§ **Assignment**: Beginning with the line that contains "Alle Symbole zur", copy each subsequent line of the data below through the last one, including both ends but not the pictures.

§ **Records provided**:
★ ★ ★ ★ ★
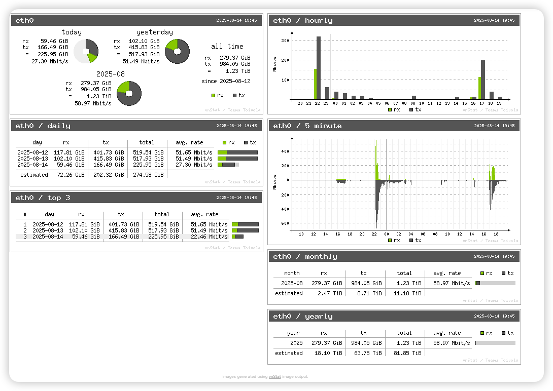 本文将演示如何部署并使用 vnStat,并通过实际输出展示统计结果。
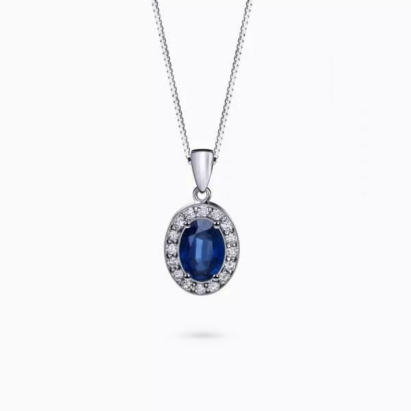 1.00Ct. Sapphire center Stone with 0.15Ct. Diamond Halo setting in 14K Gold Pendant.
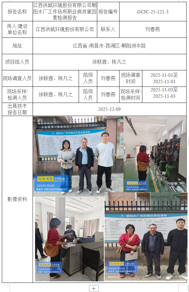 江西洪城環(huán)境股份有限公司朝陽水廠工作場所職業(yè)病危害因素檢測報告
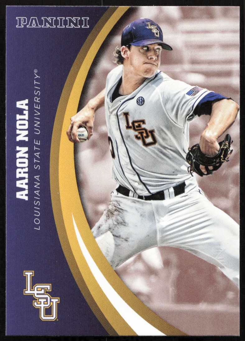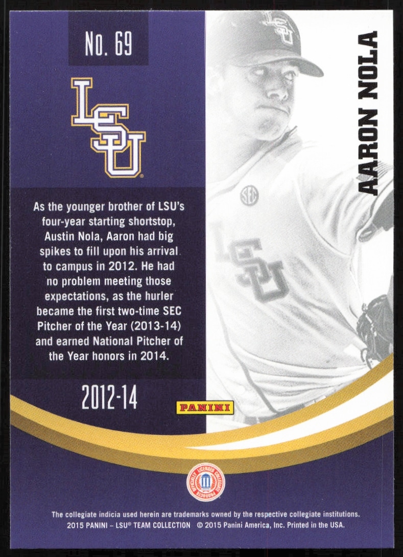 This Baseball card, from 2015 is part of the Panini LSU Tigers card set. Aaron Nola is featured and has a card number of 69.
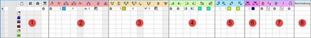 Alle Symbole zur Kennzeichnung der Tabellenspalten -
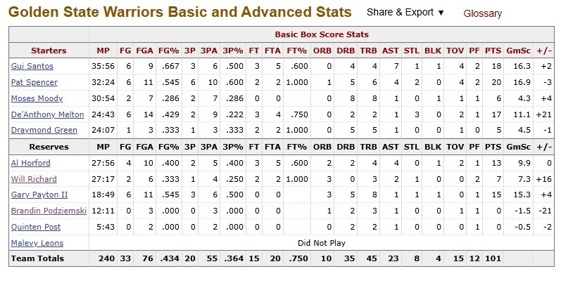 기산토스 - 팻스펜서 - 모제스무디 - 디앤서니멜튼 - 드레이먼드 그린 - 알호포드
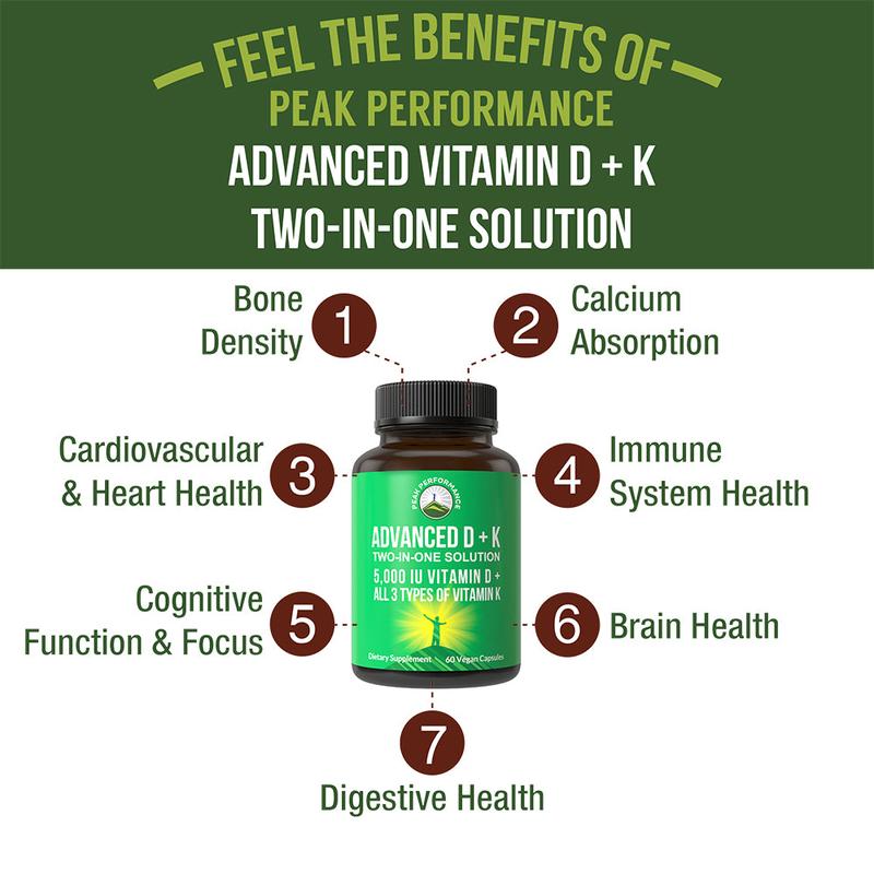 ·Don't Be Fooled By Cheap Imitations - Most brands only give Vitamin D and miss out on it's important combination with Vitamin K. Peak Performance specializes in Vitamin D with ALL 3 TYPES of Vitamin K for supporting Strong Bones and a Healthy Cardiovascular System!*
★ ★ ★ ★ ★
§ **Exercise response**:
 Alle Symbole zur Kennzeichnung der Tabellenspalten -
 기산토스 - 팻스펜서 - 모제스무디 - 디앤서니멜튼 - 드레이먼드 그린 - 알호포드
 ·Don't Be Fooled By Cheap Imitations - Most brands only give Vitamin D and miss out on it's important combination with Vitamin K. Peak Performance specializes in Vitamin D with ALL 3 TYPES of Vitamin K for supporting Strong Bones and a Healthy Cardiovascular System!*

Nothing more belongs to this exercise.